§ Task material:
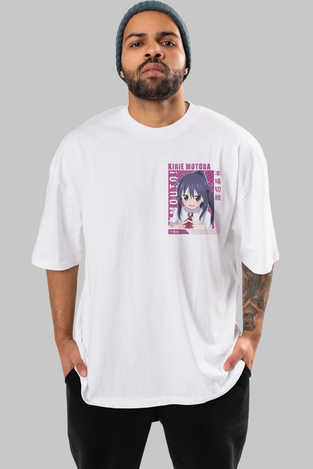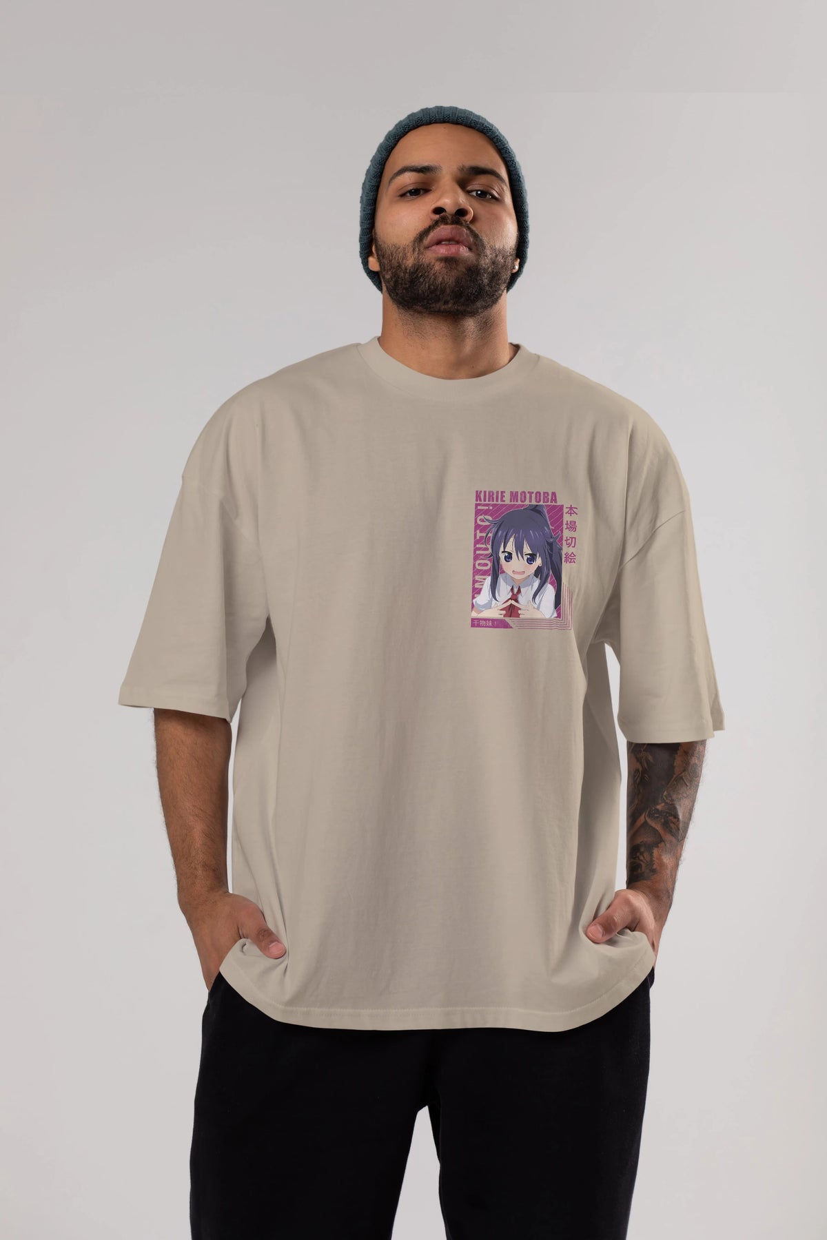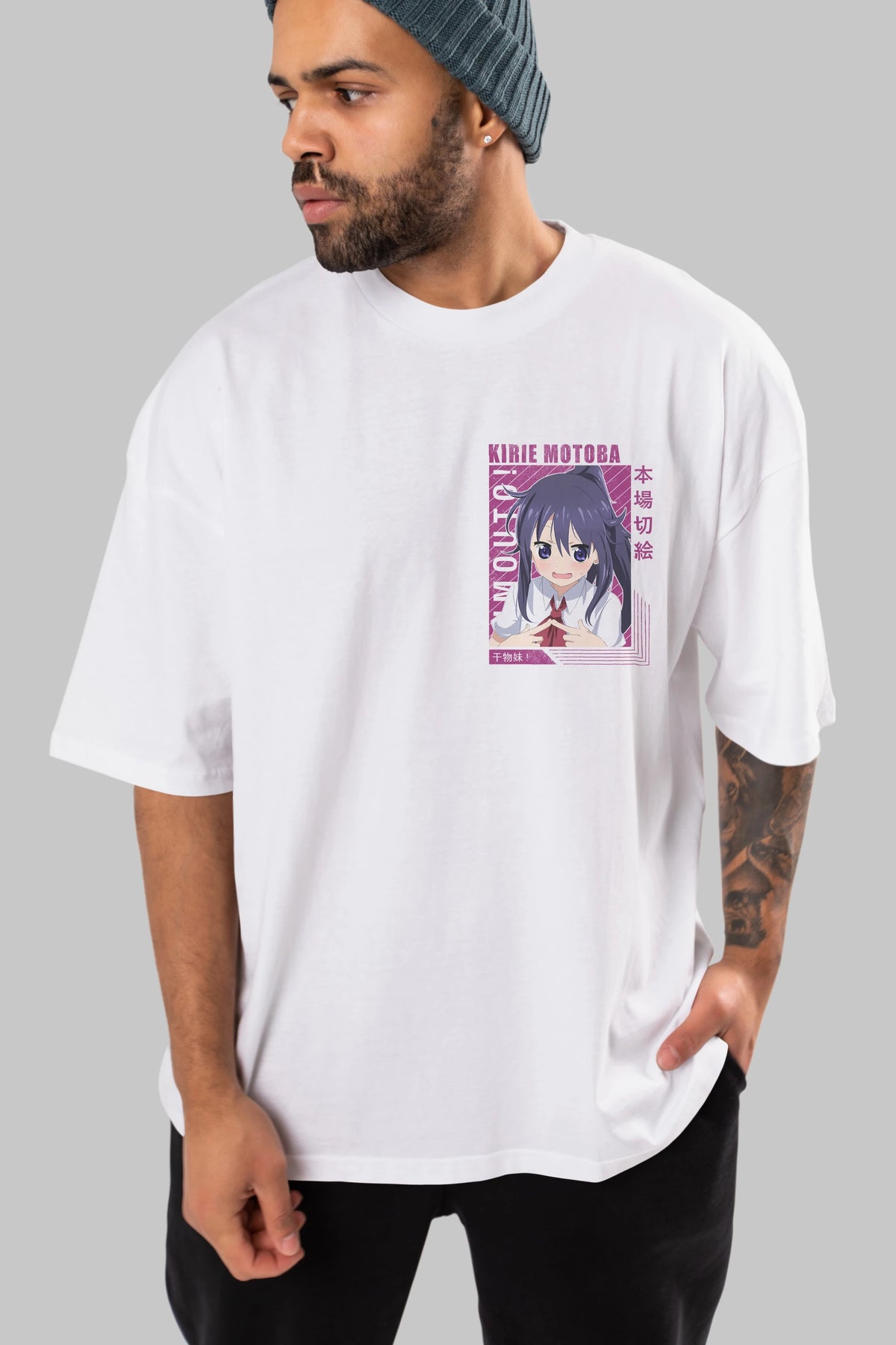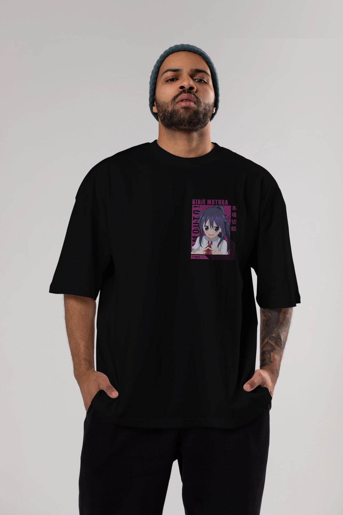 Kirie Motoba 4 Ön Sol Baskılı Oversize t-shirt Erkek Kadın Unisex %100 Pamuk Bisiklet Yaka tişort
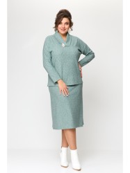 Уютный джемпер свободного силуэта. Воротник с глубоким запахом и складкой переходит в планку на груди. Рукав зауженный длинный. По бокам невысокие разрезы. На воротнике декоративная брошь.
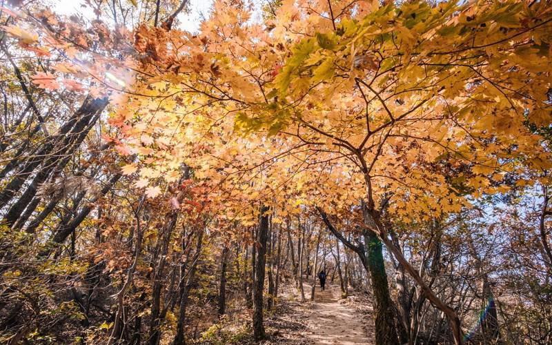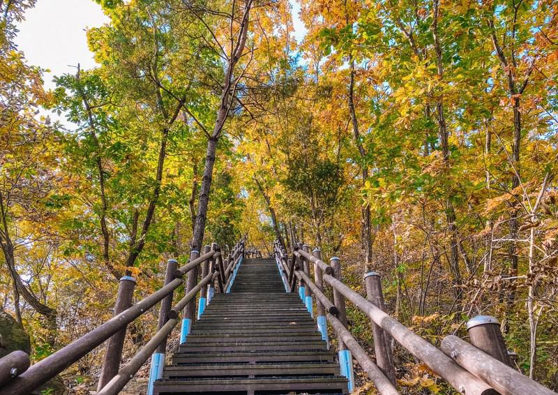 다른 곳에 비하면 가을 단풍이 도드라지지 않아 아쉽지만 한두 그루 있는 단풍나무가 가을 등산의 기분을 만들어줍니다. 현재 칠갑산은 한창 등산로 정비가 진행 중이라 조금 더 안전한 등산을 할 수 있습니다. 새로 깔린 데크 계단 덕분에 흙길을 덜 미끄럽게 오를수 있었답니다.
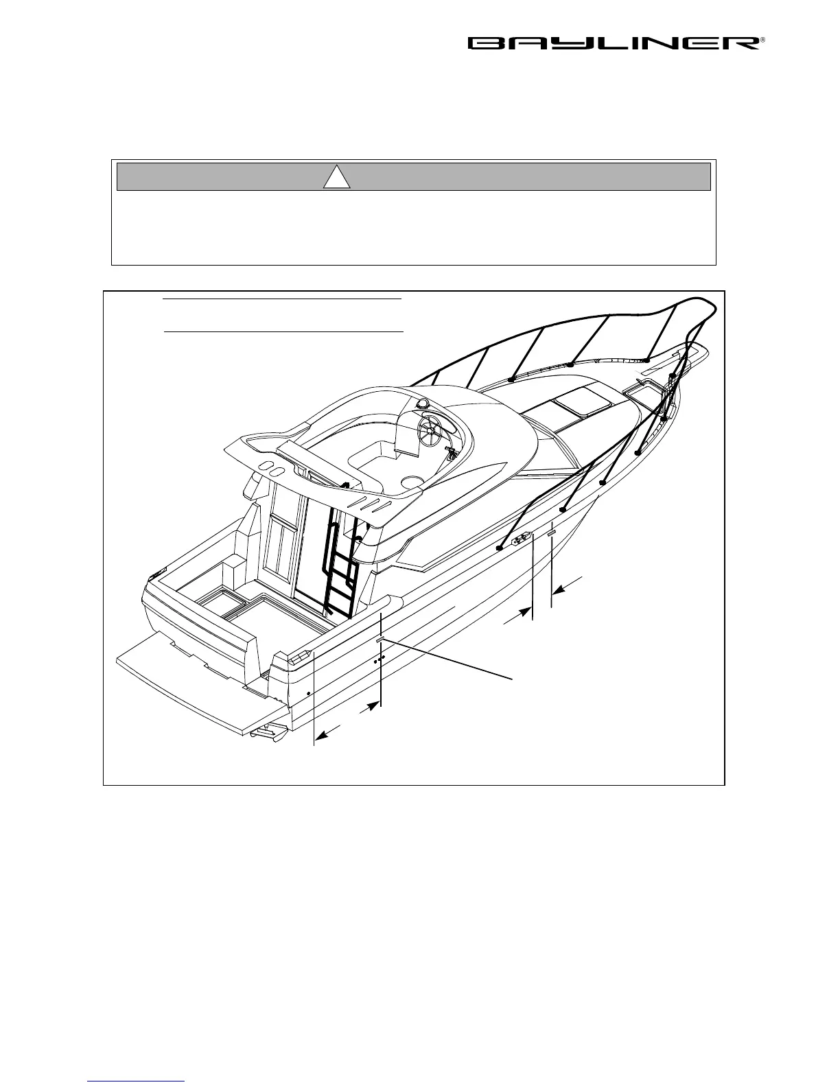 Use the following lifting sling locations when raising your boat in or out of the water.
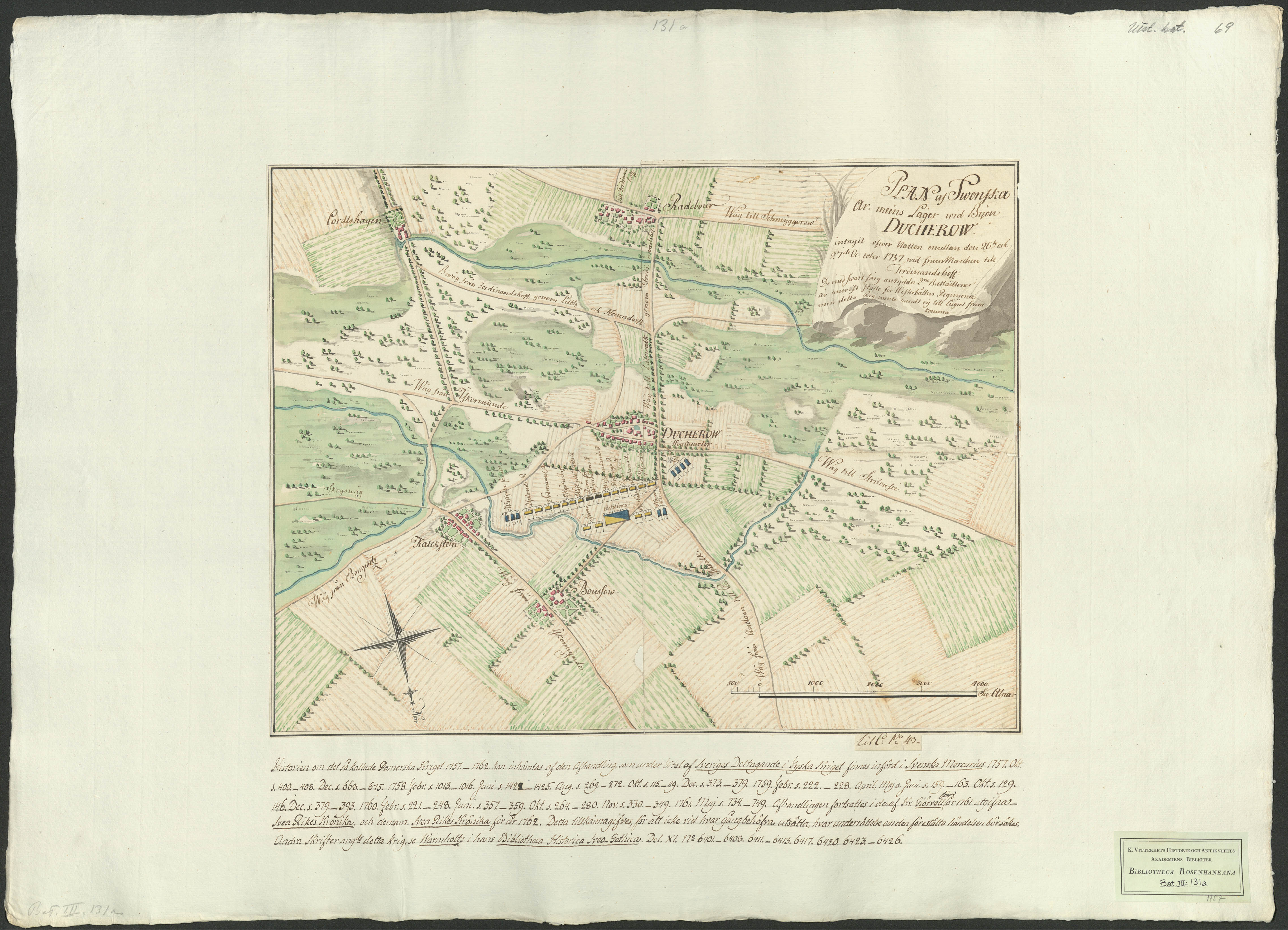 Plan af swenska arméens läger wid byen Ducherow, intagit öfwer natten emellan den 26:te och 27:de october 1757 wid frammarschen till Ferdinandshoff.[Kartografiskt material]
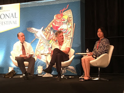 Our last program of the day was spur-of-the-moment--Michael Cunningham and Yuko Shimizu, with my friend and Washington Post Magazine editor David Rowell moderating. Shimizu designed this year's NBF poster, and the two collaborated on Cunningham's reworking of fable and myth, A Wild Swan and Other Tales; a hypnotizing slideshow of illustrations cycled on a screen to the side of the stage. The conversation was lively, and for a writer married to an artist, it was the perfect date-night note to end on. (To be precise, the "date night" then extended to mezcal cocktails, guacamole, and ceviche at Espita Mezcaleria, two blocks up 9th Street.)

§ Try it: Transcribe the material as is, with images omitted.

§ Output:
 Kirie Motoba 4 Ön Sol Baskılı Oversize t-shirt Erkek Kadın Unisex %100 Pamuk Bisiklet Yaka tişort
 Уютный джемпер свободного силуэта. Воротник с глубоким запахом и складкой переходит в планку на груди. Рукав зауженный длинный. По бокам невысокие разрезы. На воротнике декоративная брошь.
 다른 곳에 비하면 가을 단풍이 도드라지지 않아 아쉽지만 한두 그루 있는 단풍나무가 가을 등산의 기분을 만들어줍니다. 현재 칠갑산은 한창 등산로 정비가 진행 중이라 조금 더 안전한 등산을 할 수 있습니다. 새로 깔린 데크 계단 덕분에 흙길을 덜 미끄럽게 오를수 있었답니다.
 Use the following lifting sling locations when raising your boat in or out of the water.
 Plan af swenska arméens läger wid byen Ducherow, intagit öfwer natten emellan den 26:te och 27:de october 1757 wid frammarschen till Ferdinandshoff.[Kartografiskt material]
 Our last program of the day was spur-of-the-moment--Michael Cunningham and Yuko Shimizu, with my friend and Washington Post Magazine editor David Rowell moderating. Shimizu designed this year's NBF poster, and the two collaborated on Cunningham's reworking of fable and myth, A Wild Swan and Other Tales; a hypnotizing slideshow of illustrations cycled on a screen to the side of the stage. The conversation was lively, and for a writer married to an artist, it was the perfect date-night note to end on. (To be precise, the "date night" then extended to mezcal cocktails, guacamole, and ceviche at Espita Mezcaleria, two blocks up 9th Street.)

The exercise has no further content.